False-positive profiles showed high 0.5- and 1-h PG levels, indicating that large glucose AUCs were induced by delayed insulin secretion, a phenomenon known to occur during the early stage of glucose intolerance. On the other hand, false-negative profiles showed slightly increased FPG or 2-h PG levels and postload glucose excursion was relatively small, indicating a slight decrease in glucose tolerance in false-negative cases. DM sensitivity using this cutoff value was 98 %, and only one patient was classified as false negative. The glucose profile of this patient, which varied from 160 mg/dl before loading to 132 mg/dl at 30 min, 148 mg/dl at 60 min, and 103 mg/dl at 120 min, showed a typical pattern of insufficient fasting before the start of the 75-g OGTT.

The results of this study illustrate the usefulness of the glucose AUC during OGTT for glucose intolerance screening. We regard this point as another strength of our study; To our knowledge, this is the first examination of screening by the AUC calculated from blood sampling. Moreover, concerning cost-effectiveness, the Japanese medical service system does not admit the additional medical remuneration point because of the increase of blood sampling points. Hence, multiple blood sampling for calculation of the AUC requires the same cost as usual OGTT. However, although the glucose AUC may be a superior index for glucose intolerance compared with the existing indices, the need for multiple blood samples is burdensome on patients and the medical staff. Therefore, we have developed a minimally invasive glucose AUC monitoring system that allows convenient monitoring of postprandial glucose levels without blood sampling, and this system can be useful as a prescreening method for glucose intolerance before OGTT for diagnosis [1114].

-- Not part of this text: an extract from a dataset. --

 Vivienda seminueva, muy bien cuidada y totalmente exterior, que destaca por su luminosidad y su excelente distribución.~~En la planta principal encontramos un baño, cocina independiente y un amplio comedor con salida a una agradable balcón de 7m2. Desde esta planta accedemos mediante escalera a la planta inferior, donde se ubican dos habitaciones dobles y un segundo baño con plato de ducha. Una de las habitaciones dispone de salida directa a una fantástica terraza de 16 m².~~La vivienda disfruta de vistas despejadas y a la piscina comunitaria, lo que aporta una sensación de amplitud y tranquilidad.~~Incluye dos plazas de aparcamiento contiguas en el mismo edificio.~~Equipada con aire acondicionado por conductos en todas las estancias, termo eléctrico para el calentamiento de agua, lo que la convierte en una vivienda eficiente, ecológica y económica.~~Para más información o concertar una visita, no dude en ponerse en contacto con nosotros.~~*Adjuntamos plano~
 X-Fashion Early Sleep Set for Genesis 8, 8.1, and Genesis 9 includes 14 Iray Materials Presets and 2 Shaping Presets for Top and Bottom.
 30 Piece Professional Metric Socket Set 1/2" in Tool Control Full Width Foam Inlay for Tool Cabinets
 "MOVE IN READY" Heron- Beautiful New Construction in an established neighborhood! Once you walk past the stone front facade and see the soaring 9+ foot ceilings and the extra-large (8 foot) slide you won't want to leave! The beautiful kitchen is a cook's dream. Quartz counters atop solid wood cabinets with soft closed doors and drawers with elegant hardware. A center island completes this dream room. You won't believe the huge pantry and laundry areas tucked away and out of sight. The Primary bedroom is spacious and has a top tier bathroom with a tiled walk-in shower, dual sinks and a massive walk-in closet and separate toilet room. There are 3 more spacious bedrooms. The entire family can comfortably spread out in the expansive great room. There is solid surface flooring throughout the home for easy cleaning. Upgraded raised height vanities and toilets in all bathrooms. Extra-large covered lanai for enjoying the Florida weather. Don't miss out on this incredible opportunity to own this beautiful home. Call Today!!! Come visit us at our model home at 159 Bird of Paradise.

Usefulness of glucose AUC measurement

Peak glucose levels correlated with the PG-AUC most strongly (R 2 = 0.90), and the correlation was independent of glucose tolerance, indicating that the PG-AUC is a good surrogate marker for peak glucose levels. Although the OGTT was used for glucose loading in this study, it is also possible to apply this correlation between PG-AUC and peak glucose levels to daily meals. The American Diabetes Association and International Diabetes Federation guidelines describe the importance of peak postprandial glucose management [15, 16]. However, it is difficult to monitor peak glucose levels after a meal in daily practice, because the peak glucose time is strongly dependent on diet and glucose tolerance. Because the glucose AUC includes the whole postprandial glucose and peak glucose levels, the correlation between the peak glucose levels and glucose AUC was high but not dependent on the peak time, suggesting that peak glucose levels can be predicted by the presented minimally invasive glucose AUC monitoring system without consideration of the timing of measurement.

Moreover, the correlations among the PG-AUC and 1-h PG levels, 2-h PG levels, and FPG levels during the OGTT were examined. Although the PG-AUC correlated strongly with 1-h PG levels, the correlation of diabetes patients seemed to be dissociated from that of the others.

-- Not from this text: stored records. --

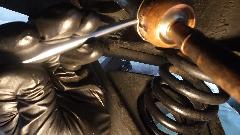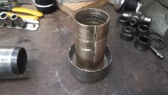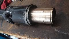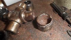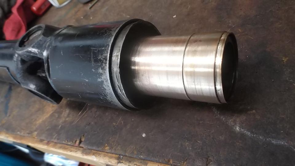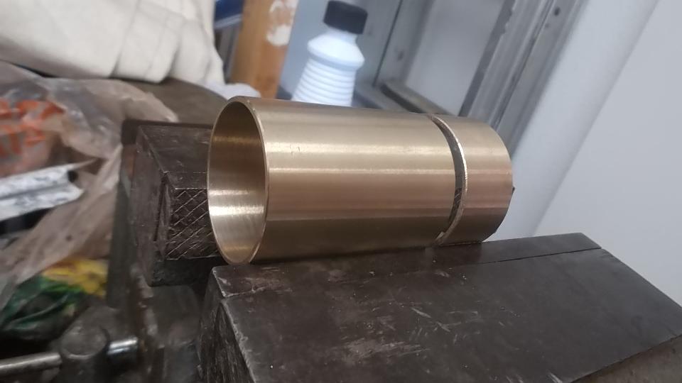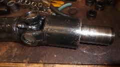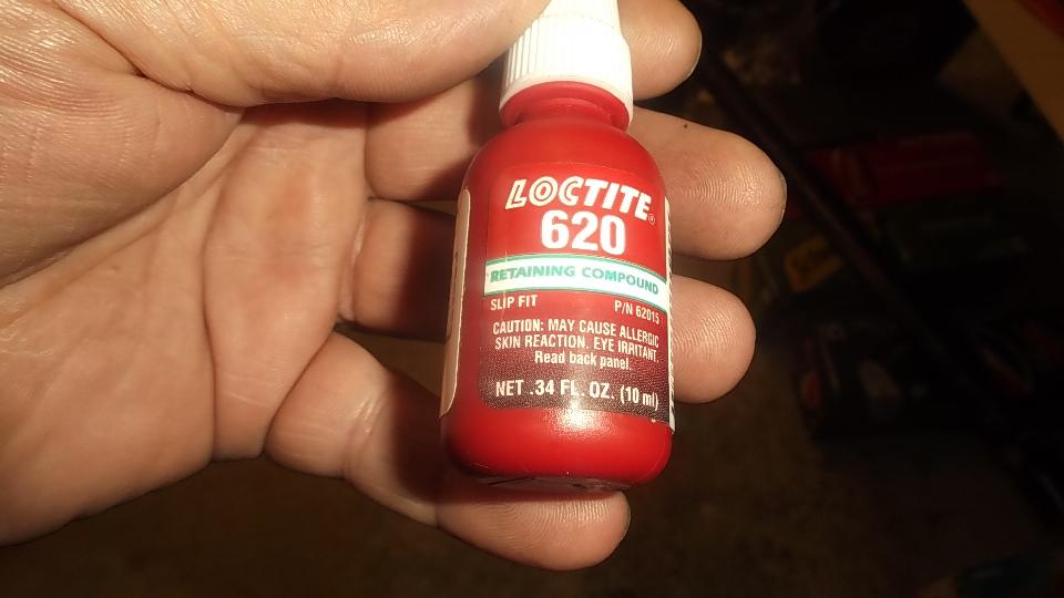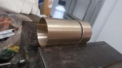 Ah-ha! The Loctite 620 bearing set adhesive and the bronze bushings are here by mid day. Prepping the bushings first. Required bushing size is 1-3/8" ID x 1-1/2" OD x 2-3/4" long. But off the shelf parts are not available that long. So I bought three pieces 2" long, then cut 3/4" off each end of one piece to have two useful sets. The idea is to press the 3/4" long piece and the 2" long piece into the tail housing end to end to have the 2-3/4" length required. Got the car jacked up and set on stands, crawled underneath, and swabbed out the tail housing with rag and solvent a few times over to be sure the bore was clean, and gave it some time to dry. Under the car again with tools in hand, slobbered some adhesive on the bearing OD short piece first, and taped it gently into the housing driving it half way in using the old loose bushing as a driver punch. Slobbered more adhesive on the longer bushing, and taped it gently into the housing.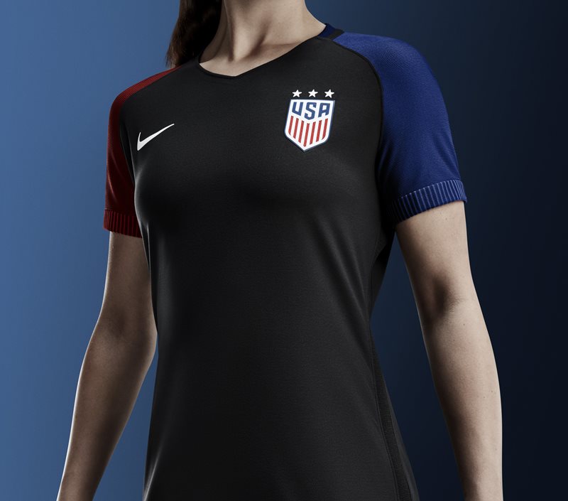 アウェイは黒を基調に、愛国心を表す青と赤を左右の袖にそれぞれ用いたデザイン。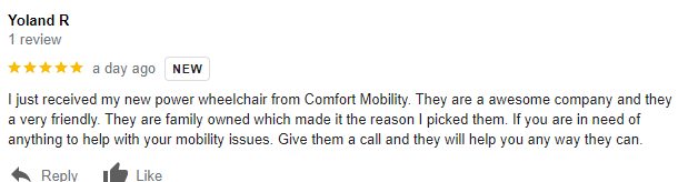 I’ve been very impressed with the Comfort Mobility staff. They demonstrate excellent communication skills, handle challenges with a positive attitude, and are always willing to go the extra mile.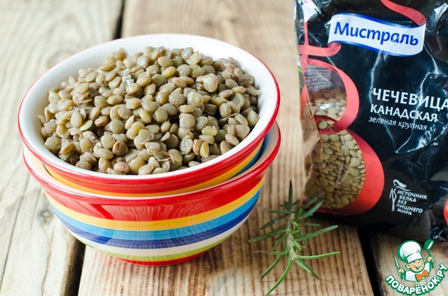 Для этого рецепта нам понадобится зеленая чечевица марки Мистраль, которую необходимо отварить согласно инструкции на упаковке.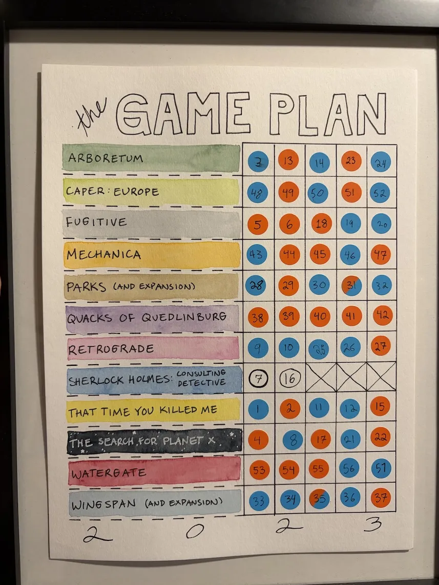She hand-painted a grid to track the 12 games on our list and who won. It sat proudly on our mantle where we’d update each week when we sat down to play, just the two of us.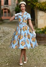 ”Spring is in the air!” Vier de lente in gorgeous Hallie! Ze is voorzien van een revers kraagje met decoratieve knopen aan de voorzijde, korte mouwtjes en loopt uit in een full swing rok met handige steekzakken. Ze is uitgevoerd in een stevige, maar soepel vallende, licht blauwe katoenmix (licht stretchy) met een bloemenprint in verschillende groen en oranjetinten, die heerlijk comfy draagt! * Full swing * Revers kraag * Decoratieve knopen voorzijde * Zijwaartse steekzakken * Combineer met een van onze petticoats voor een extra feestelijk effect * Blinde rits aan de zijnaad * Valt bij een lengte van 1,70 m over de knie * Let op; de kleur van het product op video kan afwijken van de daadwerkelijke kleur van het product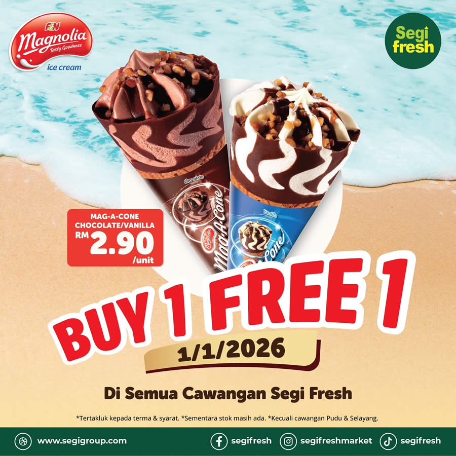 Ice cream lovers have a reason to celebrate the New Year with a refreshing and value-packed deal from Segi Fresh. For one day only, shoppers can enjoy a Buy 1 Free 1 promotion on the popular Magnolia Mag-A-Cone ice cream.
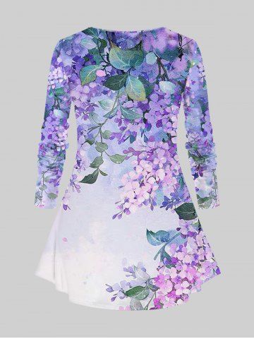 Plus Size Flowers Leaf Wtercolor Painting Ombre Print Long Sleeve T-shirt - Purple - 3x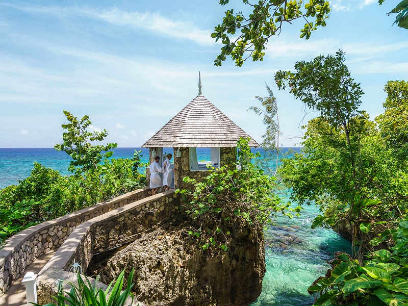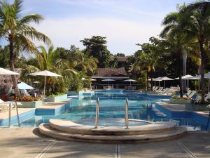 This is one awesome resort. We visited for a day while we were staying at Couples San Souci and decided to make it part of our stay every time we went to Jamaica. It’s a renovated 1940s resort with beautiful rooms and great restaurants. The lobby area is breezy and gorgeous, with orchids everywhere and regularly updated decor. The spa has a wading pool, outdoor hot tubs, and amazing services. It’s popular with honeymooners and wedding parties. In addition to regular rooms, there are private cottages on property that can be rented for an upcharge.

In the present study, the PG-AUC and peak glucose levels were based on glucose data measured 0, 30, 60, and 120 min after glucose loading. A detailed evaluation of the adequacy of this method in future studies would require continuous glucose monitoring to calculate the PG-AUC and detection of peak glucose levels.

Limitations

As already discussed, we consider the weaknesses of this study to be the limited population and number of races in the OGTT data as well as the limited examination of cost-effectiveness. These will be subjects of future investigations.

Conclusion

High screening sensitivity (90 %) and specificity (93 %) were obtained using a glucose AUC cutoff value of 290 mg h/dl according to OGTT data analysis with diagnostic criteria, and the screening rate was improved compared with those obtained using HbA1c, FPG, and 2-h PG levels. From these findings, we propose that the glucose AUC, which reflects the entire glucose excursion, could be useful as an index of glucose tolerance.